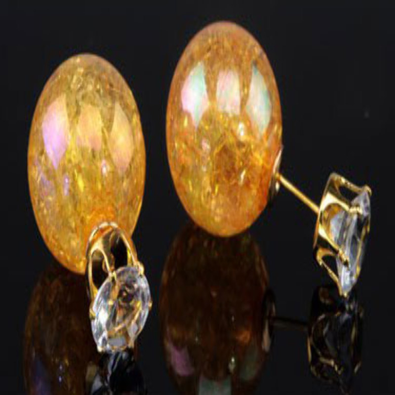 KOLCZYKI TRIBAL ze sztyftem zakończonym kryształkiem wykonane z KOLOROWEGO SPĘKANEGO AKRYLU (typu crackle) z błyszczącą powłoką na powierzchni. Kolczyki posiadają sztyfty metalowe w kolorze złota (BEZ NIKLU i OŁOWIU). Prawdziwy salonowy krzyk mody! Światowa moda na wyciągnięcie Twojej ręki.
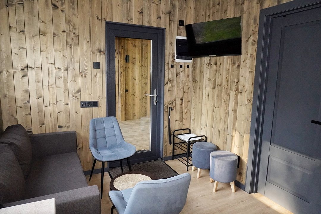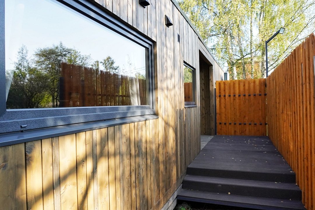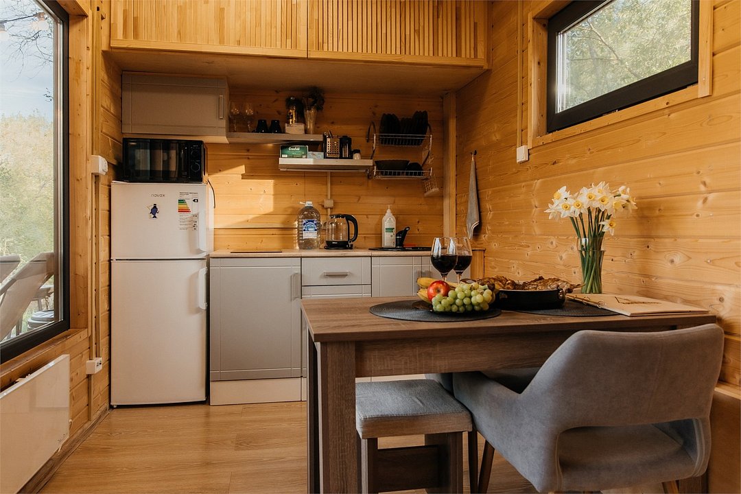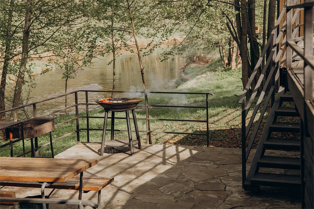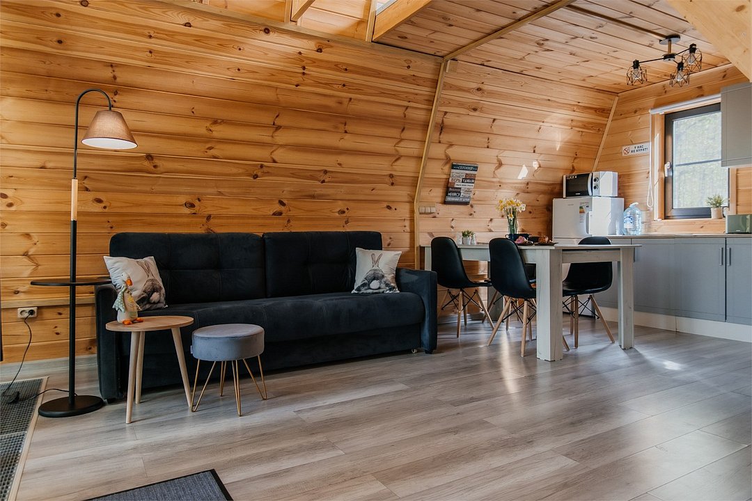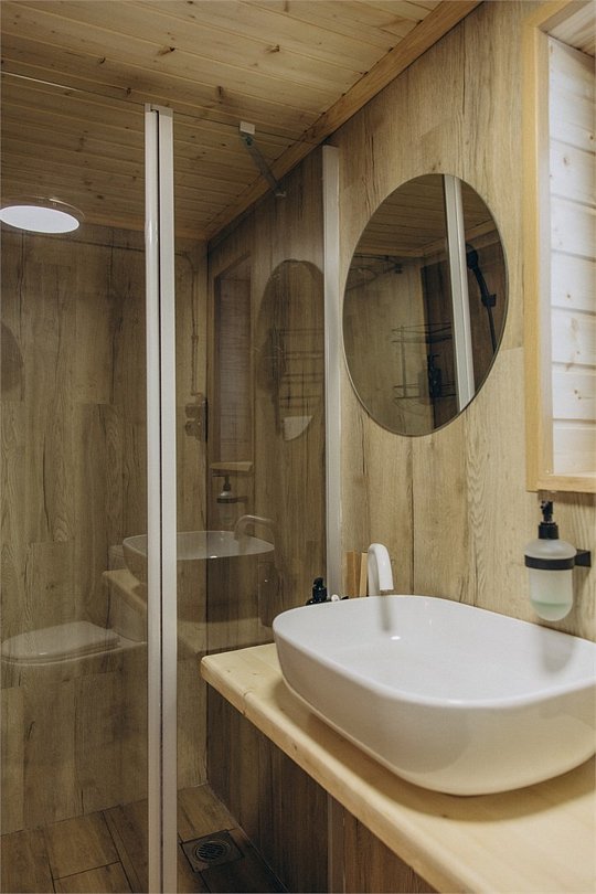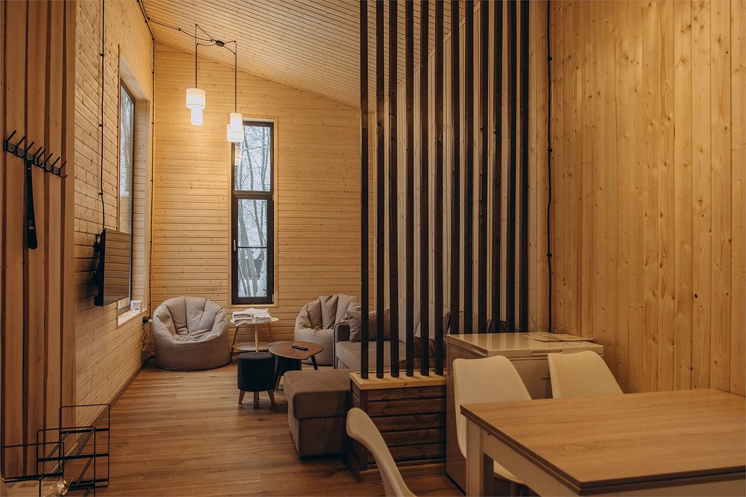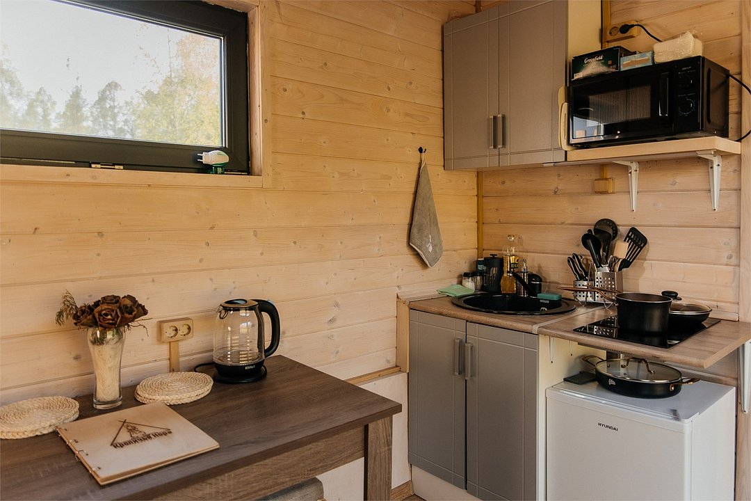 Одноэтажный домик площадью 29 м² с террасой и панорамными окнами (вид на реку). Есть все удобства и зона барбекю. В домике установлен электрический камин. На террасе у домика расположены гриль барбекю, мангал и садовая мебель. У каждого домика есть отдельная купель.Услуги и удобства
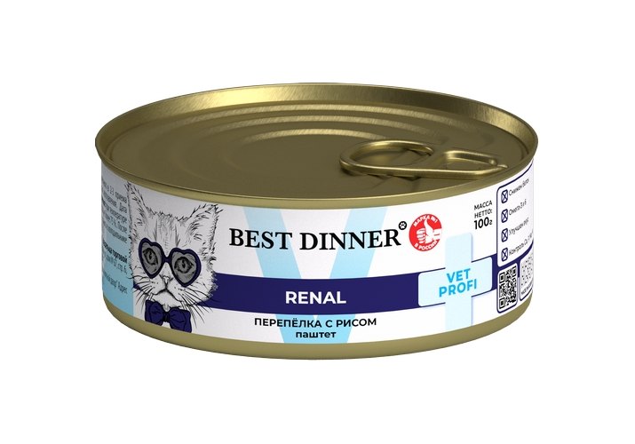 Best Dinner Exclusive Vet Profi Renal Консервы Бест Диннер для кошек Паштет Перепелка (цена за упаковку) 100г х 12шт

▶ WHAT YOU SHOULD DO
Copy the material above word for word, images excluded.

▶ EXPECTED OUTPUT
 KOLCZYKI TRIBAL ze sztyftem zakończonym kryształkiem wykonane z KOLOROWEGO SPĘKANEGO AKRYLU (typu crackle) z błyszczącą powłoką na powierzchni. Kolczyki posiadają sztyfty metalowe w kolorze złota (BEZ NIKLU i OŁOWIU). Prawdziwy salonowy krzyk mody! Światowa moda na wyciągnięcie Twojej ręki.
 Одноэтажный домик площадью 29 м² с террасой и панорамными окнами (вид на реку). Есть все удобства и зона барбекю. В домике установлен электрический камин. На террасе у домика расположены гриль барбекю, мангал и садовая мебель. У каждого домика есть отдельная купель.Услуги и удобства
 Best Dinner Exclusive Vet Profi Renal Консервы Бест Диннер для кошек Паштет Перепелка (цена за упаковку) 100г х 12шт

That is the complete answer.